▶ [MATERIAL TO PROCESS]
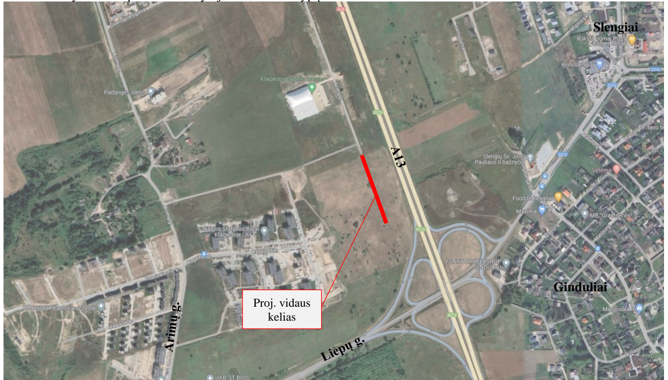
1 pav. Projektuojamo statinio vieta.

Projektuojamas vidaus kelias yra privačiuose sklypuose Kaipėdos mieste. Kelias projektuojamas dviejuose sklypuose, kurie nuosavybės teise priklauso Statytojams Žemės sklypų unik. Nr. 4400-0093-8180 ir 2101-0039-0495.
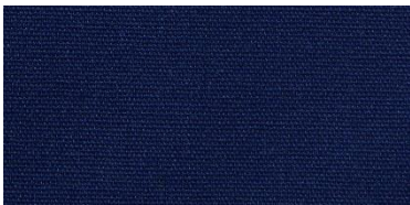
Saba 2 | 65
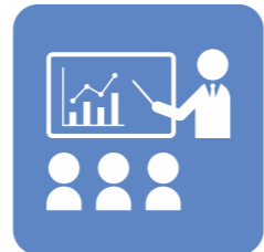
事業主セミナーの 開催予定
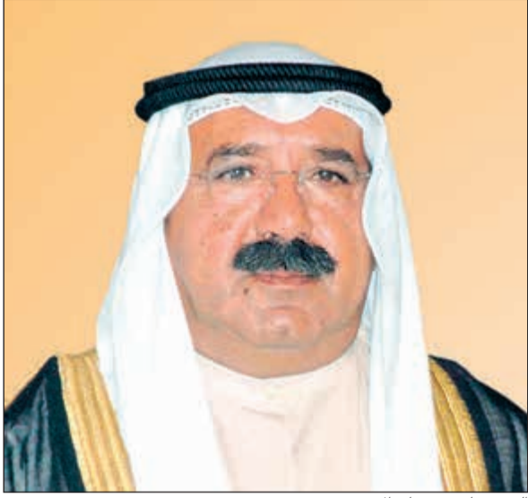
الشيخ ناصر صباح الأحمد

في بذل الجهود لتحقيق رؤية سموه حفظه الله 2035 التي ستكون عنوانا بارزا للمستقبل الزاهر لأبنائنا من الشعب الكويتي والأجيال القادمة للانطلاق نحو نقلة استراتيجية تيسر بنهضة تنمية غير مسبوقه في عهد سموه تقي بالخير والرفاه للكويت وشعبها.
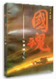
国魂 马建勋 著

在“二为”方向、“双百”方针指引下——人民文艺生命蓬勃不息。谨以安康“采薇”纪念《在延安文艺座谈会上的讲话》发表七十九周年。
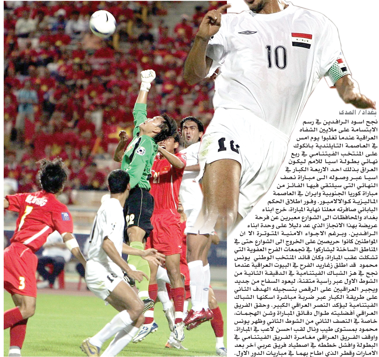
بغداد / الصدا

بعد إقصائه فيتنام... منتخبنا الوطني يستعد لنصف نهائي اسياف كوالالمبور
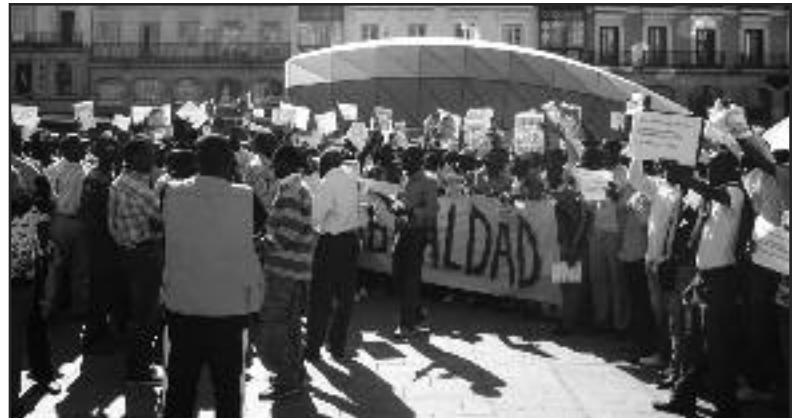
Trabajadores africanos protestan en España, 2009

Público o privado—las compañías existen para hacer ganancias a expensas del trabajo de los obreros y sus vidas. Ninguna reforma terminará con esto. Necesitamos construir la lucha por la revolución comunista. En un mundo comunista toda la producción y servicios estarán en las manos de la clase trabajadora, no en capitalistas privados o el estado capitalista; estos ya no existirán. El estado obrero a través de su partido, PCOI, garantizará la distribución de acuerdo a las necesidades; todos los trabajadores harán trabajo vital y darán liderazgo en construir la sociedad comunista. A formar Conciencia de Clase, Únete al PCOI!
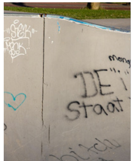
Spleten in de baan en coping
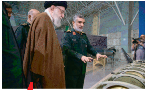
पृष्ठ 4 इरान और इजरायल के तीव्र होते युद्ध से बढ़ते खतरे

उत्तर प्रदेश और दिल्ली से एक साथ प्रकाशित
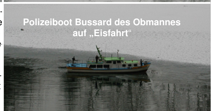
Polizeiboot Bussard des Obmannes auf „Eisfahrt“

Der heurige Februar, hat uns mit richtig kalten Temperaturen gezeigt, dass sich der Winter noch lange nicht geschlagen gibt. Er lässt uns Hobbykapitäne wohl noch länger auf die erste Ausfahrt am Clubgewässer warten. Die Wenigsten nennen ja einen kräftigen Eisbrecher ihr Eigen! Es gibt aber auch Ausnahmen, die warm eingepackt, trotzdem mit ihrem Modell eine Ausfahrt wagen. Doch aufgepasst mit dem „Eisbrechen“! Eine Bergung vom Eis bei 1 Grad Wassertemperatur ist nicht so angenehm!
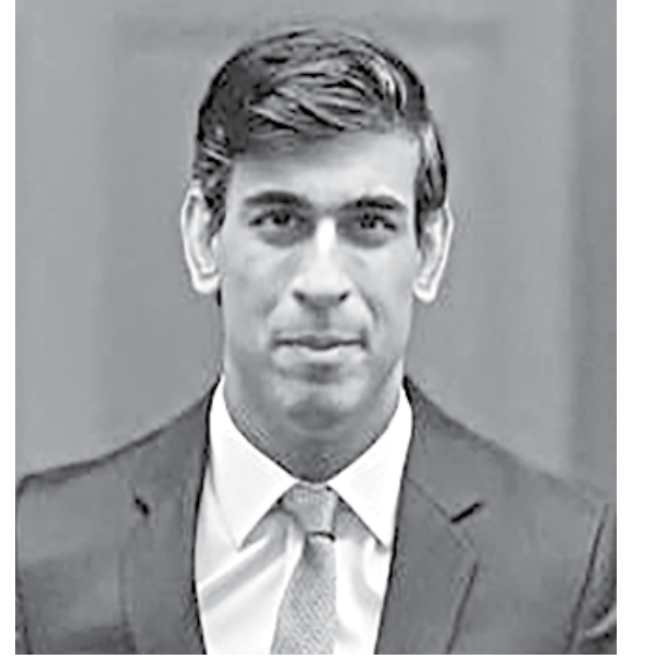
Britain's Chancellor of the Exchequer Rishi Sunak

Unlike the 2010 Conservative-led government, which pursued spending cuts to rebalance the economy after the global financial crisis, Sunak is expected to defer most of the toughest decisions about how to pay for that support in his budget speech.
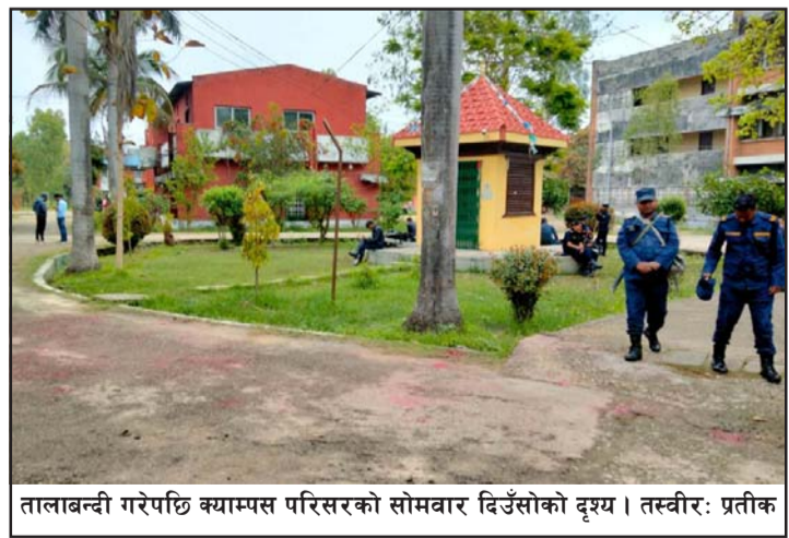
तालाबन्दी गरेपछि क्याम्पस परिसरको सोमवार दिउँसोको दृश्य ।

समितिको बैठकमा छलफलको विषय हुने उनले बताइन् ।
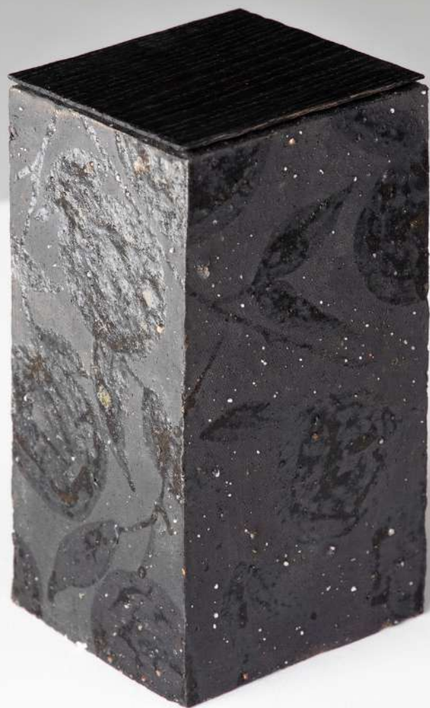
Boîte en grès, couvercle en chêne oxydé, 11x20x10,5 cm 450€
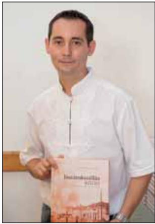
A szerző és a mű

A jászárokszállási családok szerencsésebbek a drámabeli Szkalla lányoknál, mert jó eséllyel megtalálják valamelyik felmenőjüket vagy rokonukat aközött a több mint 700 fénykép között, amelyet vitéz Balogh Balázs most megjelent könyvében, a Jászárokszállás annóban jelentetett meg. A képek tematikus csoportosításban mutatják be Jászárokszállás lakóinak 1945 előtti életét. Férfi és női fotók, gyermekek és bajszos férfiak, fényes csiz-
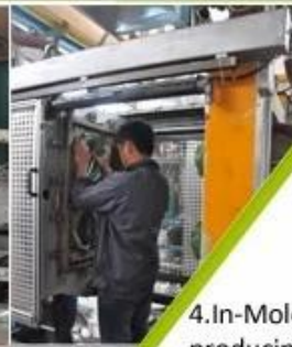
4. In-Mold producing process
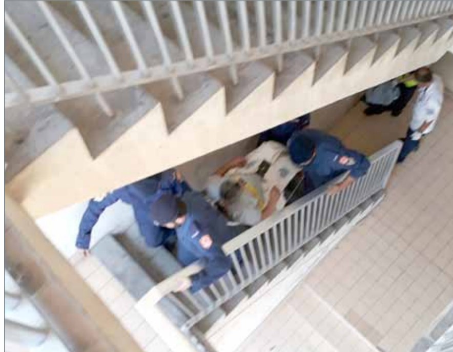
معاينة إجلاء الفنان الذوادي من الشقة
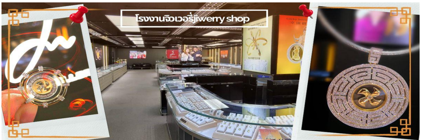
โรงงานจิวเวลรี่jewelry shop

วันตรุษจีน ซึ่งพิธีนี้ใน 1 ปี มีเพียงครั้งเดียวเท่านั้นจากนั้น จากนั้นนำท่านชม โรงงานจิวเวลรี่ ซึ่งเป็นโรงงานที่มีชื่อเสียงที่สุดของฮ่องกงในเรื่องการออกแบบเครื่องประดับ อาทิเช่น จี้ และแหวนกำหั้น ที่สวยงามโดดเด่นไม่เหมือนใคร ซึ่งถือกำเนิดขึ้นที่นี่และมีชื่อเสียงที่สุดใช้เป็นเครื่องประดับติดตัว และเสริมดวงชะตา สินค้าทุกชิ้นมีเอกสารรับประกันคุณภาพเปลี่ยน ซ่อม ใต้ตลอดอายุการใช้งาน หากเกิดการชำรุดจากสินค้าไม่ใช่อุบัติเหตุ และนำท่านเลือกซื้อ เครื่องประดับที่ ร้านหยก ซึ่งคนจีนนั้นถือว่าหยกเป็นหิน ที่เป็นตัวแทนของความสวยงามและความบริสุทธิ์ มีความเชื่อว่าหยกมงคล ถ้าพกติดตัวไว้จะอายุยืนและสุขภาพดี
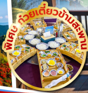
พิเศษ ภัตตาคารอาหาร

...

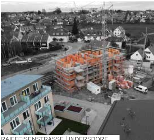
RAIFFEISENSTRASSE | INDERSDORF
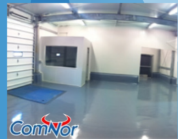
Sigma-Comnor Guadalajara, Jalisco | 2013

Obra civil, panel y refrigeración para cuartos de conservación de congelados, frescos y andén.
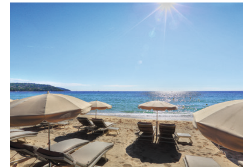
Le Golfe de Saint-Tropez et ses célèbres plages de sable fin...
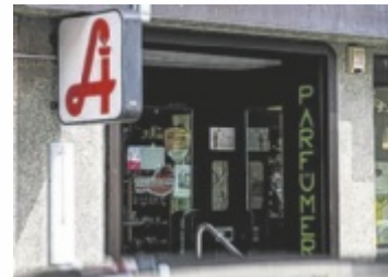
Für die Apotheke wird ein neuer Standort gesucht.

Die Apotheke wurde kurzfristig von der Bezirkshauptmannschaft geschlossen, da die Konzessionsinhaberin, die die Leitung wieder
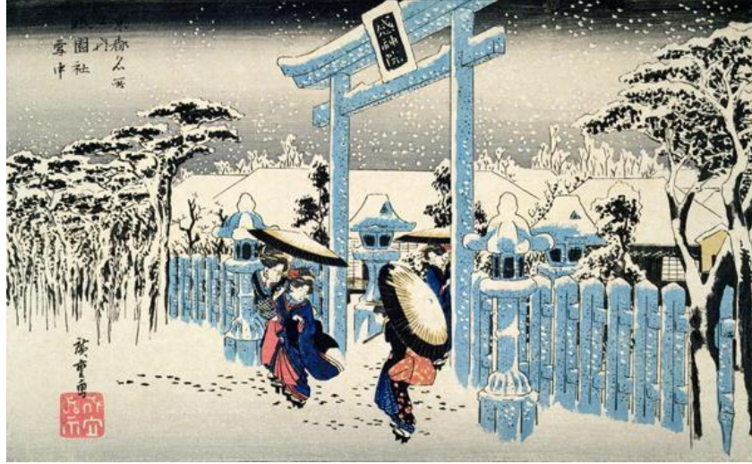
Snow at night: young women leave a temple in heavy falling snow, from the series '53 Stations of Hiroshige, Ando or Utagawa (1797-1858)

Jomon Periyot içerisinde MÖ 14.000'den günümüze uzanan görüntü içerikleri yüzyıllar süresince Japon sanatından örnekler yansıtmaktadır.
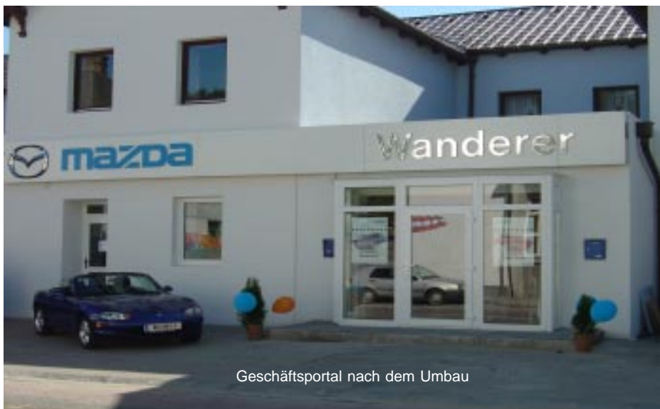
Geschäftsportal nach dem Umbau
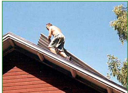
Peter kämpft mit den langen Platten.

--

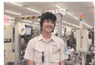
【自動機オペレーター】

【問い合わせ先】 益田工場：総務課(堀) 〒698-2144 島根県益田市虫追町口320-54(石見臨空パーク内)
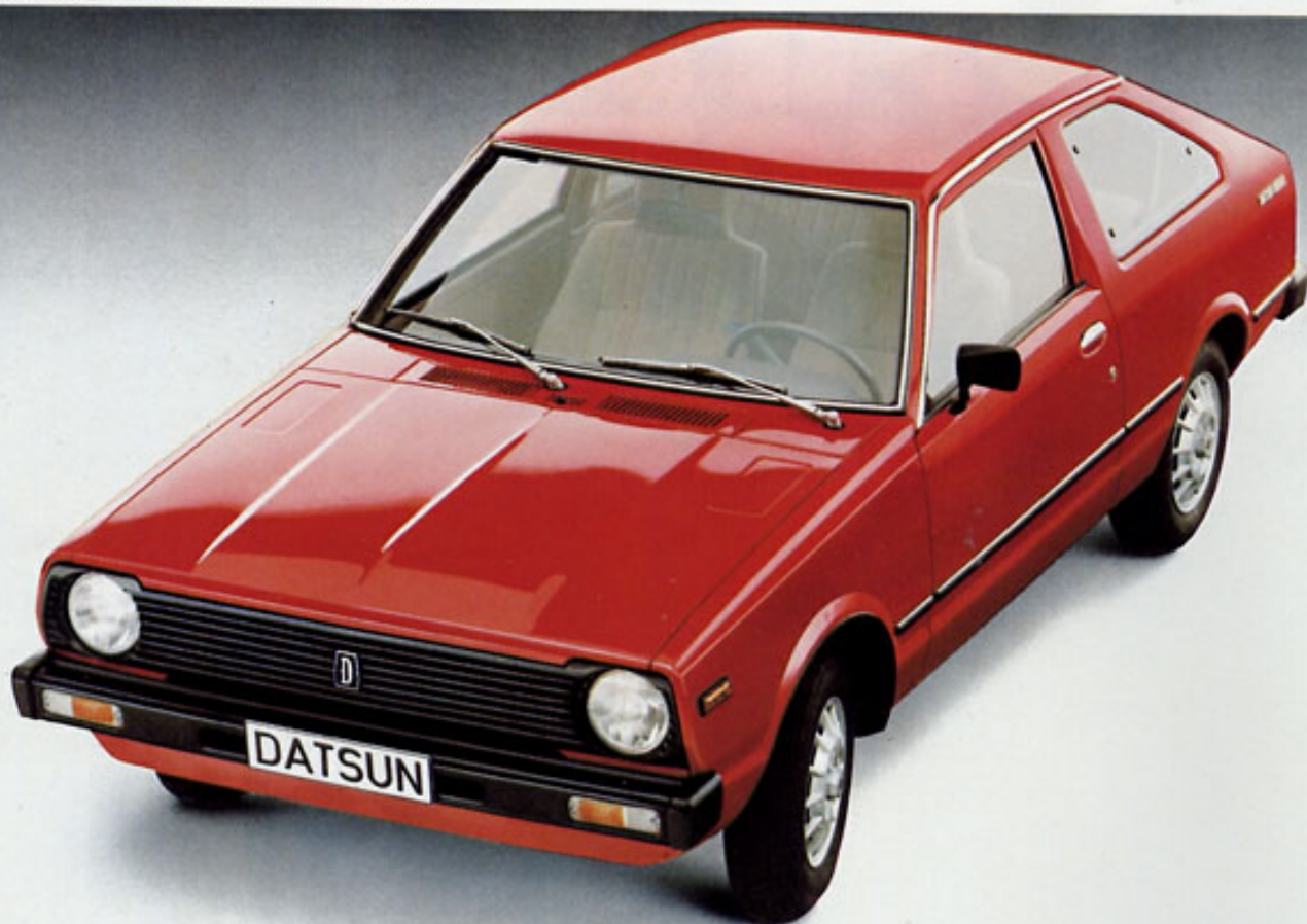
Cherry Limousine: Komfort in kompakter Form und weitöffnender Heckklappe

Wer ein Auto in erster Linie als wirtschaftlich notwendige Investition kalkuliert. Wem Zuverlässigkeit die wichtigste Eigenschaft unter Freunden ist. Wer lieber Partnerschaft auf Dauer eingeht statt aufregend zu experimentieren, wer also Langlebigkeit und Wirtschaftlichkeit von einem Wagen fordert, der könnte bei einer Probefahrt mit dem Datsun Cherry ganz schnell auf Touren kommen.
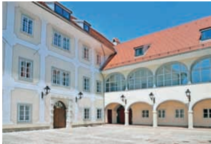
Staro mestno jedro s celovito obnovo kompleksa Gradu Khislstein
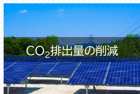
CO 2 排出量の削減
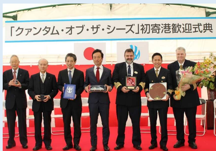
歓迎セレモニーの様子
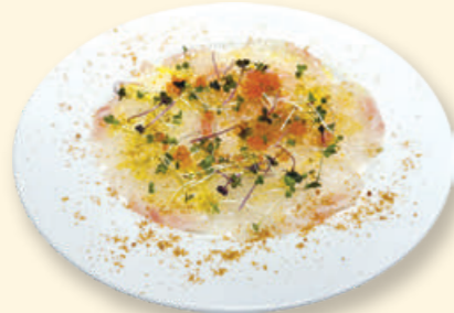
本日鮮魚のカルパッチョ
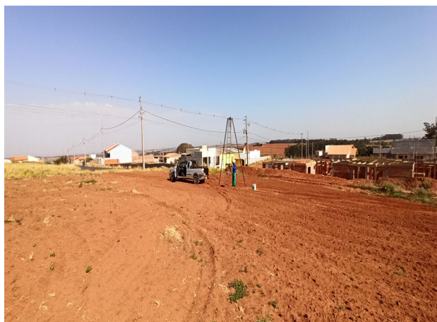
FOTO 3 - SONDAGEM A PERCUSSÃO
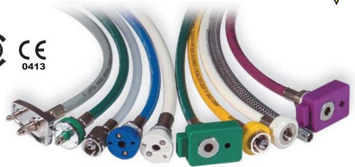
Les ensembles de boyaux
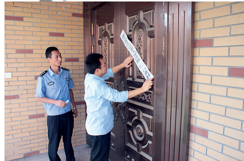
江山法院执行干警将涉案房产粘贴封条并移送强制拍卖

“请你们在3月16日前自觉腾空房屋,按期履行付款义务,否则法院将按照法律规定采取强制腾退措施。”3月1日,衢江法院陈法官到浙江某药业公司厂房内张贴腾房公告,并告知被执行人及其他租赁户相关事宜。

▶ [DIRECTIONS]
Take the material above from the line containing "โรงงานจิวเวลรี่jewelry shop" up to and including the line containing "พิเศษ ภัตตาคารอาหาร" and retype it exactly, without any pictures.

▶ [FINAL ANSWER]
โรงงานจิวเวลรี่jewelry shop

วันตรุษจีน ซึ่งพิธีนี้ใน 1 ปี มีเพียงครั้งเดียวเท่านั้นจากนั้น จากนั้นนำท่านชม โรงงานจิวเวลรี่ ซึ่งเป็นโรงงานที่มีชื่อเสียงที่สุดของฮ่องกงในเรื่องการออกแบบเครื่องประดับ อาทิเช่น จี้ และแหวนกำหั้น ที่สวยงามโดดเด่นไม่เหมือนใคร ซึ่งถือกำเนิดขึ้นที่นี่และมีชื่อเสียงที่สุดใช้เป็นเครื่องประดับติดตัว และเสริมดวงชะตา สินค้าทุกชิ้นมีเอกสารรับประกันคุณภาพเปลี่ยน ซ่อม ใต้ตลอดอายุการใช้งาน หากเกิดการชำรุดจากสินค้าไม่ใช่อุบัติเหตุ และนำท่านเลือกซื้อ เครื่องประดับที่ ร้านหยก ซึ่งคนจีนนั้นถือว่าหยกเป็นหิน ที่เป็นตัวแทนของความสวยงามและความบริสุทธิ์ มีความเชื่อว่าหยกมงคล ถ้าพกติดตัวไว้จะอายุยืนและสุขภาพดี
พิเศษ ภัตตาคารอาหาร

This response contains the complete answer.